A notebook (the cardboard and paper kind, not the small laptop kind) is small, easy to use, easy to carry, doesn't require electricity, and doesn't need to boot before you can use it. A notebook database is also easily extensible because you can buy another notebook to add to your collection when the first one is full. However, a notebook's contents are arranged sequentially. If you want to find information about a particular topic, you'll have to look through the pages one at a time until you find what you want. The more data you have, the harder this kind of search becomes.

A filing cabinet can store a lot more information than a notebook, and you can easily expand the database by adding more files or cabinets. Finding a particular piece of information in the filing cabinet can be easier than finding it in a notebook, as long as you are searching for the type of data used to arrange the records. If the filing cabinet is full of customer information sorted by customer name, and you want to find a particular customer's data, then you're in luck. If you want to find all of the customers who live in a certain city, you'll have to dig through the files one at a time.

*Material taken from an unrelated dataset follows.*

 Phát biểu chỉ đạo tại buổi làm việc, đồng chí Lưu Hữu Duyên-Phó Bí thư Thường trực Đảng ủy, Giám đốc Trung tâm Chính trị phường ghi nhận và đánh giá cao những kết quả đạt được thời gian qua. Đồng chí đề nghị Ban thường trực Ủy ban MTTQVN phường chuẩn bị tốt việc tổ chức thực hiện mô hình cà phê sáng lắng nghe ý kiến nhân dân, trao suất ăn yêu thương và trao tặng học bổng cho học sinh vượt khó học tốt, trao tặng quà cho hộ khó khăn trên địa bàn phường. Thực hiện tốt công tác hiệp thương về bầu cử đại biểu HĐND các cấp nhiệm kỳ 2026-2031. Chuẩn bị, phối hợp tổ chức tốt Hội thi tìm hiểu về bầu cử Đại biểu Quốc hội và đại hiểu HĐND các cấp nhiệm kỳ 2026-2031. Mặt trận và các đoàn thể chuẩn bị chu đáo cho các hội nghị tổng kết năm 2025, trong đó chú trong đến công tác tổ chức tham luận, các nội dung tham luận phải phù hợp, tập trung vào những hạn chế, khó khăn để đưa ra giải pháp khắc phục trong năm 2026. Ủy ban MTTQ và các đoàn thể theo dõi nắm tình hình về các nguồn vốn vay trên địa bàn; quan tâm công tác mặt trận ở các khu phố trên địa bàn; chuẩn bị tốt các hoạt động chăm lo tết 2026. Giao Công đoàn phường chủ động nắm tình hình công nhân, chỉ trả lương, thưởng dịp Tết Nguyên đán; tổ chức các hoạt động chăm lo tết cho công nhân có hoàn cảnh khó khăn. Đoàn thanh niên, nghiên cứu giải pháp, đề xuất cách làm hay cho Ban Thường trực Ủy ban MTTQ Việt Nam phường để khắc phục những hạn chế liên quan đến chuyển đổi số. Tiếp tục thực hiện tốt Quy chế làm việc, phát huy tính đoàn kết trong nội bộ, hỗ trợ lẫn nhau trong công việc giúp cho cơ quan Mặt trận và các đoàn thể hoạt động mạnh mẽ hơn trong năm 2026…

Your brain is the most sophisticated database ever created. It can store an incredible amount of data and allows you to retrieve a particular piece of data in several different ways. For example, right now you could probably easily answer the following questions about the restaurants that you visit frequently:

Which is closest to your current location?
Which has the best desserts?
Which has the best service?
Which is least expensive?
Which is the best for a business lunch?
Which is your overall favorite?
Why don't we go there tonight?

Your brain provides many different ways you can access the same restaurant information. You can search based on a variety of keys (such as location, quality of dessert, expense, and so forth). To answer these questions with a box of business cards, a notebook, or a filing cabinet would require a long and grueling search.

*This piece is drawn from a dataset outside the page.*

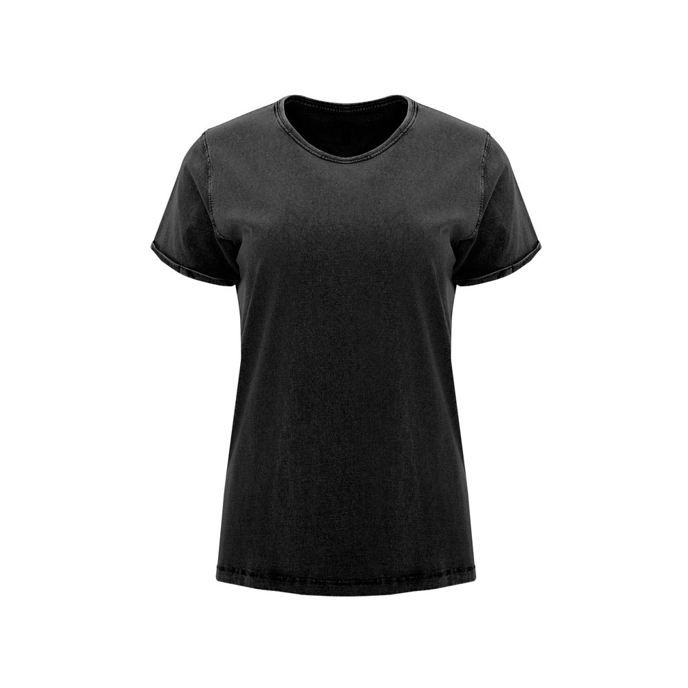 Женская футболка с джинсовым эффектом. Короткий рукав, горловина обработана рибом 1х1 и дополнительно укреплена тесьмой. Двойная отстрочка по пройме. Рукав с закручивающимся краем. В ассортименте также представлена аналогичная мужская модель Husky

Still your brain has some drawbacks, at least as a database. Most notably it forgets. You may be able to remember an incredible number of things, but some become less reliable or disappear completely over time. Do you remember the names of all of your elementary school teachers? I don't. (I don't remember my own teachers' names, much less yours!)

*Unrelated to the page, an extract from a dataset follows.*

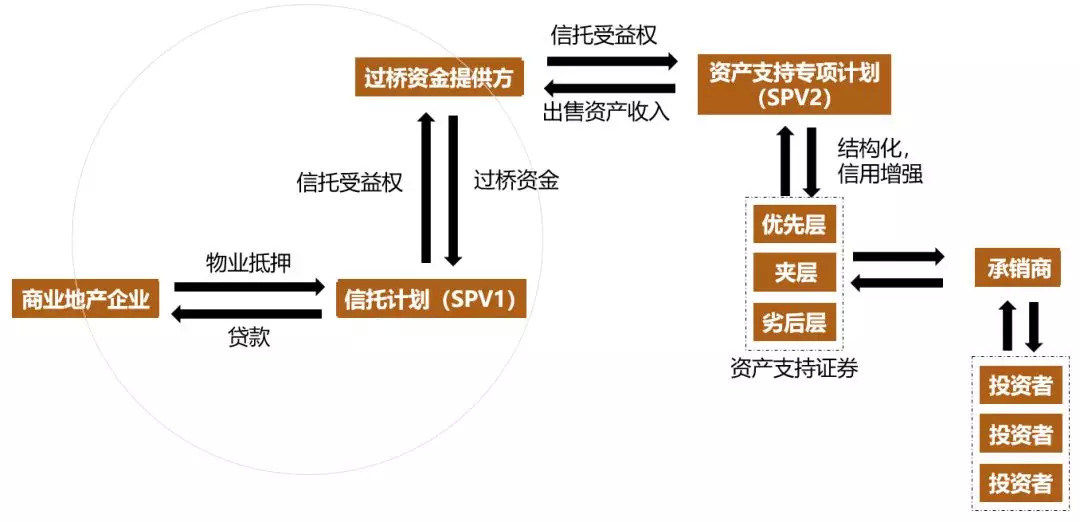 通过母公司或者其他过桥资金提供方形成信托计划向地产企业(借款人)发放信托贷款,地产企业获得资金并向信托计划抵押地产。过桥资金提供方则成为信托计划的受益人。CMBS的基础资产由此形成,也即基础资产为过桥资金方让与给SPV的信托收益权。资产支持专项计划通过支付对价给过桥资金方取得信托收益权,间接获取物业的未来收益。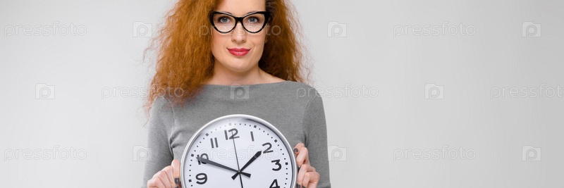 Портрет красивой рыжеволосой серьезной дружелюбной молодой женщины в серой одежде в очках, держащей часы в руках на сером фоне

Your brain also gets tired, and when it is tired it is less accurate.

Although your brain is good at certain tasks, such as recognizing faces or picking restaurants, it is not so good at other tasks like providing an accurate list of every item a particular customer purchased in the past year. Those items have less emotional significance than, for example, your spouse's name, so they're harder to remember.

All of these information containers (business cards, notebooks, filing cabinets, and your brain) can become contaminated with misleading, incorrect, and contradictory information. If you write different versions of the same information in a notebook, the data won't be consistent. Later when you try to look up the data, you may find either version first and may not even remember that there's another version. (Your brain can become especially cluttered with inconsistent and contradictory information, particularly if you listen to politicians during an election year.)

The following section summarizes some of the strengths and weaknesses of these information containers.

STRENGTHS AND WEAKNESSES OF INFORMATION CONTAINERS

By understanding the strengths and weaknesses of information containers like those described in the previous section, you can learn about features that would be useful in a computerized database. So, what are some of those strengths and weaknesses?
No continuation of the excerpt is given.